** Supplied entries follows **

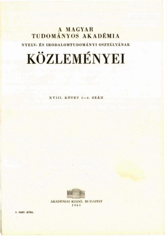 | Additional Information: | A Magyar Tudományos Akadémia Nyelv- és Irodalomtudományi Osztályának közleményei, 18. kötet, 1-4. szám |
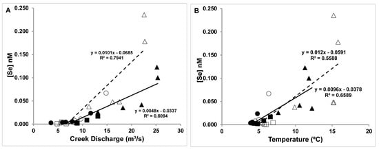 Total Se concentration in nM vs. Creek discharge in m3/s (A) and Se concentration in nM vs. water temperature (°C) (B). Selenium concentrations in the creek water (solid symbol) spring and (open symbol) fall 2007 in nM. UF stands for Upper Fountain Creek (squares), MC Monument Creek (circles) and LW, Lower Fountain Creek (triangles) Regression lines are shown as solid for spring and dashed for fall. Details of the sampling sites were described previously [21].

** End of Supplied entries **
** Supplied entries follows **

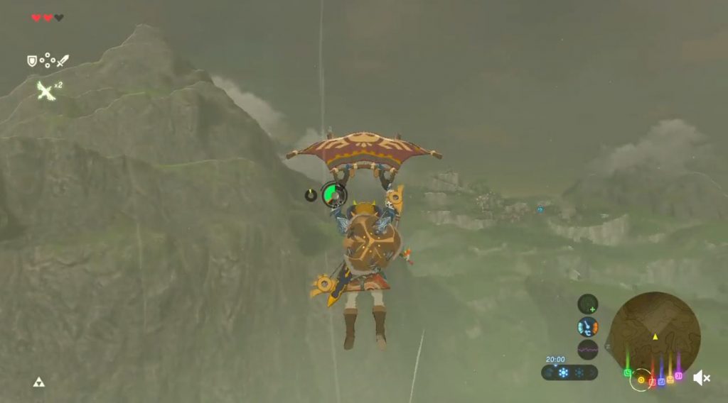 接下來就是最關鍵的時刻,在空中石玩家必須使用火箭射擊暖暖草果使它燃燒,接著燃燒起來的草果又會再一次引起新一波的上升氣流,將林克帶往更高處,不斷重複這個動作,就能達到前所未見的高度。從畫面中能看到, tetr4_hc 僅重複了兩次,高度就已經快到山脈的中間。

** End of Supplied entries **
** Supplied entries follows **

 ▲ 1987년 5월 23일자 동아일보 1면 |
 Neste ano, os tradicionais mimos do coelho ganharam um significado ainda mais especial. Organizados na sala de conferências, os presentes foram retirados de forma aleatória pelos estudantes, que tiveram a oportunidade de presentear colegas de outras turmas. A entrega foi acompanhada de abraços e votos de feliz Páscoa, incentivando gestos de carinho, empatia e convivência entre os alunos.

** End of Supplied entries **

* **Task**
When copying from the data above, print only the lines from the line containing "1-4. szám |" to the line containing "Total Se concentration", exactly, and leave the pictures out.

* **Answer below**
 | Additional Information: | A Magyar Tudományos Akadémia Nyelv- és Irodalomtudományi Osztályának közleményei, 18. kötet, 1-4. szám |
 Total Se concentration in nM vs. Creek discharge in m3/s (A) and Se concentration in nM vs. water temperature (°C) (B). Selenium concentrations in the creek water (solid symbol) spring and (open symbol) fall 2007 in nM. UF stands for Upper Fountain Creek (squares), MC Monument Creek (circles) and LW, Lower Fountain Creek (triangles) Regression lines are shown as solid for spring and dashed for fall. Details of the sampling sites were described previously [21].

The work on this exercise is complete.